• _WHAT THE TASK ASKS_
Your output should be the lines below from the one with "Photograph of a" through the one with "- Plate the", copied exactly, pictures excluded.

• _INPUT FOR THIS TASK_
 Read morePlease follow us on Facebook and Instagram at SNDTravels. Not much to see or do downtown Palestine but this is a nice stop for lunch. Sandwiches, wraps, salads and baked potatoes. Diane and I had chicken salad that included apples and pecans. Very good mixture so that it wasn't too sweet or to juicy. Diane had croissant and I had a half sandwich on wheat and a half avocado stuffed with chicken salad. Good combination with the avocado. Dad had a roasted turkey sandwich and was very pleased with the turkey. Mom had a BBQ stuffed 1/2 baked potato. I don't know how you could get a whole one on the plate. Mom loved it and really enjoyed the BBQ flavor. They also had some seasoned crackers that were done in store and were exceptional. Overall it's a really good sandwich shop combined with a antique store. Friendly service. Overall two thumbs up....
--
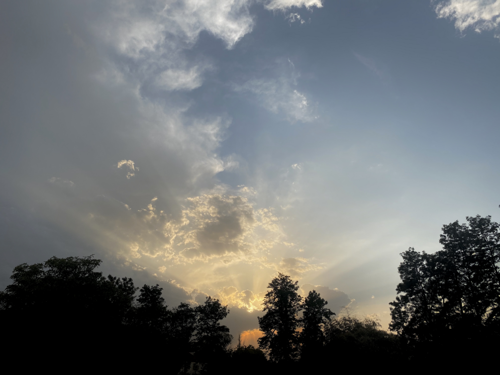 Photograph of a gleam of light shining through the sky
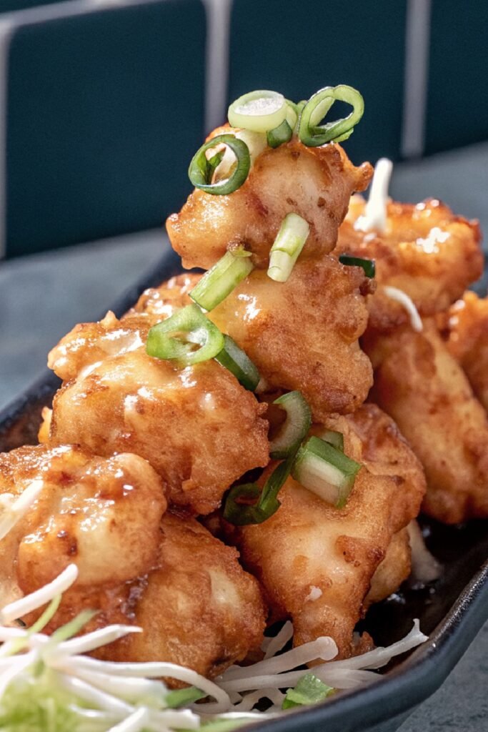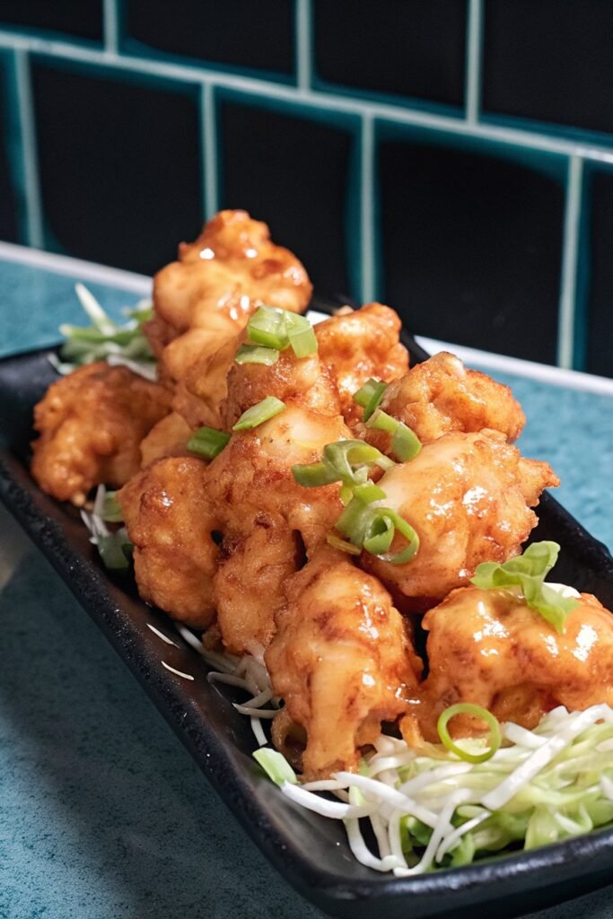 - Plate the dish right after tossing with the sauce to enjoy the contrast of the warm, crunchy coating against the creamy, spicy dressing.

• _WRITTEN ANSWER_
 Photograph of a gleam of light shining through the sky
 - Plate the dish right after tossing with the sauce to enjoy the contrast of the warm, crunchy coating against the creamy, spicy dressing.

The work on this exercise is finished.